— У человека было ружье и в конце концов он из него застрелился? — предположил Кевин.
— Почти так, — сказал Магистр. — Есть такая теория, что если на стене висит ружье, то оно обязательно должно выстрелить. И неважно, что его могли повесить там для красоты, что оно сломанное, охолощенное, что боеприпасы отсырели иди уже не производятся вовсе. Есть ружье — должно выстрелить, понимаешь? Ты часто с таким в жизни сталкивался?
— Нет, но я могу представить себе ситуацию, в которой мне пришлось бы использовать висящее на стене оружие.

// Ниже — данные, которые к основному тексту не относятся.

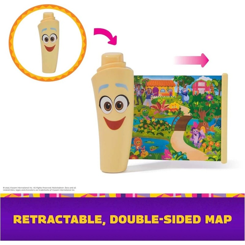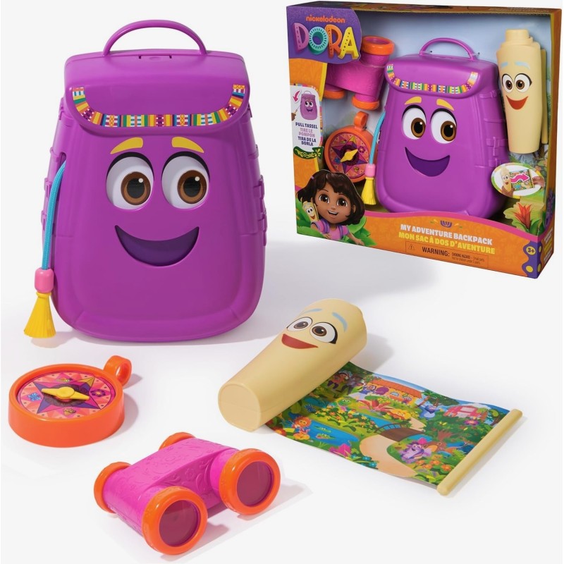 Edad recomendada: +3 años. Mochila de Aventuras de Dora la Exploradora con Accesorios de Exploración. La Mochila de Aventuras de Dora la Exploradora invita a los más pequeños a vivir emocionantes descubrimientos, como en su serie favorita. Este pack incluye una mochila con ojos y boca móviles, acompañada de accesorios de exploración: un mapa desplegable, una brújula y unos prismáticos de juguete. Perfecta para niñas y niños a partir de 3 años, esta mochila estimula la curiosidad, la imaginación y el amor por las aventuras. Ideal para jugar en casa, en el parque o de viaje… ¡con Dora, siempre hay algo nuevo por descubrir!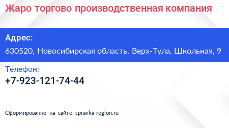 Жаро, торгово-производственная компания по адресу 630520, Новосибирская область, Верх-Тула, Школьная, 9 в дальнейшем Организация, размещена в следующих категориях:

— Но для этого надо, чтобы у тебя закончилось все остальное оружие в инвентаре, — заметил Магистр. — Знаешь, если бы я решил написать книгу, я бы тоже повесил на стену ружье. А потом бы напомнил читателям, что оно там висит, большое и страшное. А потом бы еще раз напомнил, и некоторое время рассуждал бы о его калибре, максимальной прицельной дальности и прочих планках Пикатинни, а главные герои то и дело бросали бы в его сторону тревожные взгляды.
— Позволь мне угадать, Оберон, — сказал Кевин. — В итоге оно бы так и не выстрелило?
— Именно.
— Хорошо, что ты не пишешь книги, — сказал Кевин. — Впрочем, не думаю, что будь иначе, ты бы снискал на этом поприще успех.
— Потому что правда мне дороже законов жанра?
— Ну, давай это так назовем.
— На последней странице книги читатель хочет получить ответы на все вопросы, — сказал Магистр. — Чтобы все задачи были решены, все загадки разгаданы, все злодеи получили по заслугам, а убийцей оказался вон тот подозрительный садовник с мачете, которое торчит у него из-за пояса. Вот ты за свою долгую и полную всякого жизнь часто сталкивался с ситуацией, когда тебе все понятно и не надо искать никаких ответов?
— Пару раз, — сказал Кевин. — А потом я трезвел.
— Вот то-то и оно, — сказал Магистр. — То-то и оно. В жизни такая ситуация попросту невозможна. Не бывает кризиса, настолько глобального, что он отменит все грядущие кризисы. Не бывает последней войны, после которой конфликтов уже не будет, а наступит сплошное благорастворение в воздухах. Нет никакого главного вопроса жизни, вселенной и всего остального, после которого тебе бы не пришлось искать другие ответы.
— Оберон, — сказал Кевин. — Если ты хочешь меня о чем-то спросить, то можешь сделать это и без столь утомительных прелюдий.
— Уверен?
— Вполне.
— Почему ты позволил ему уйти? Зачем снял для него запрет на телепортацию?
— Потому что я не хотел загонять его в угол, — сказал Кевин. — И видел, что твои методы не особо работают. Что мне надо было сделать? Запереть его там и позволить разнести половину дворца? Потерять еще роту своих гвардейцев? Зачем? Я никуда не тороплюсь, Оберон. Я прожил долго и не собираюсь умирать завтра или послезавтра. У меня впереди много времени, часть которого я собираюсь посвятить этому твоему конструкту. Мне известны способы, как уничтожить неуничтожимое, и я до него еще доберусь.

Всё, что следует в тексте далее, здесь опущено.